Snaak is not your child’s building block toy

editors-choiceThe Premise. Lego lovers, rejoice! This new interlocking toy is going to be one of the coolest inventions of this century. Legos have held their place in the toy-building history, but it’s time to develop something new for a generation of kids who live on computers.

The Product. The Snaak is made up of 64 interlocking transparent cubes that can be arranged in thousands of different shapes. By twisting and turning each cube, you can create almost infinite designs, and transform the blocks from one shape to the other very easily. They used the number 64 because it is the first number that is both a perfect square (8×8) and a cube (4x4x4). This leads to the many, many possible combinations of shapes. They supply the mathematical forum that tells the user how there are more possible combinations of this toy than there are atoms in the universe.

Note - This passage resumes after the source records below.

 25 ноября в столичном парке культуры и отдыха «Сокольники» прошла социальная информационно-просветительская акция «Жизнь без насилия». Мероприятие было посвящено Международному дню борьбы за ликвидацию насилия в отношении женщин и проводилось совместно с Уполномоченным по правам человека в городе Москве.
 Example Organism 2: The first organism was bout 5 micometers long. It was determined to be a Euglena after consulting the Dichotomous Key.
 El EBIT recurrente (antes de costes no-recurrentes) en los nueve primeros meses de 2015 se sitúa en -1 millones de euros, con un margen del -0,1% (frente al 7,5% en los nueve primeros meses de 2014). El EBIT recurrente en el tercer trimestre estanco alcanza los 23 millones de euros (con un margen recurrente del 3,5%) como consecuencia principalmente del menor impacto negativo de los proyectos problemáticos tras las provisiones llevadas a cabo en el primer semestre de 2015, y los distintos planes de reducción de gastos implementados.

The Pitch. This Kickstarter video is made entirely out of stop-motion, which is essentially a series of still photographs run together very quickly. This really shows off a lot of different shapes, and because it is a black background with just the product and the hands, it really showcases the Snaak. However, the photos move very fast, so it’s difficult to tell exactly how you would move the pieces to configure the shapes. That being said, it does make you want to get your hands on one and play with it.

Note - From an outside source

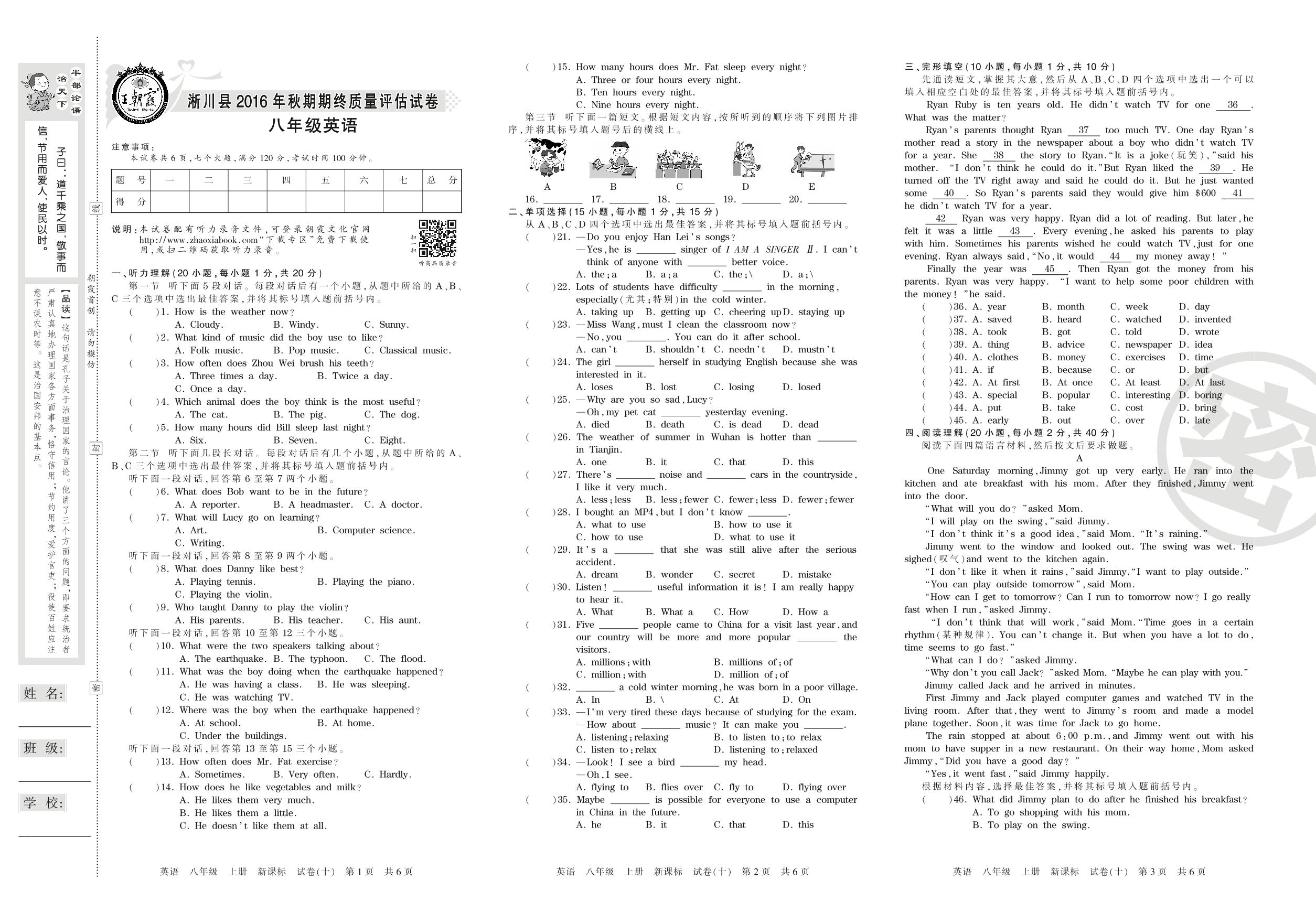 2016-2017学年第一学期南阳市淅川县七年级英语试卷(新课版)【10】

The Perks. Beyond the $25 early bird special, you can donate $45 and get a multi-colored Snaak (and pick the order of the colors), and for $100, you receive five of the Snaak sets. This toy is complex enough that it will entertain kids who are used to playing computer games, and you won’t be losing all of the pieces. This is also great for adults who like to do Rubiks’ Cube type toys that love the complexity and kinesthetic properties of toys like this.

The Potential. Snaak has broad appeal and even some potential prototyping functionality beyond its entertainment value. It’s easy to see it showing up in a wide range of retailers from Brookstone to Toys R Us. One gets the sense that once people get a taste of Snaak, they may be back for seconds!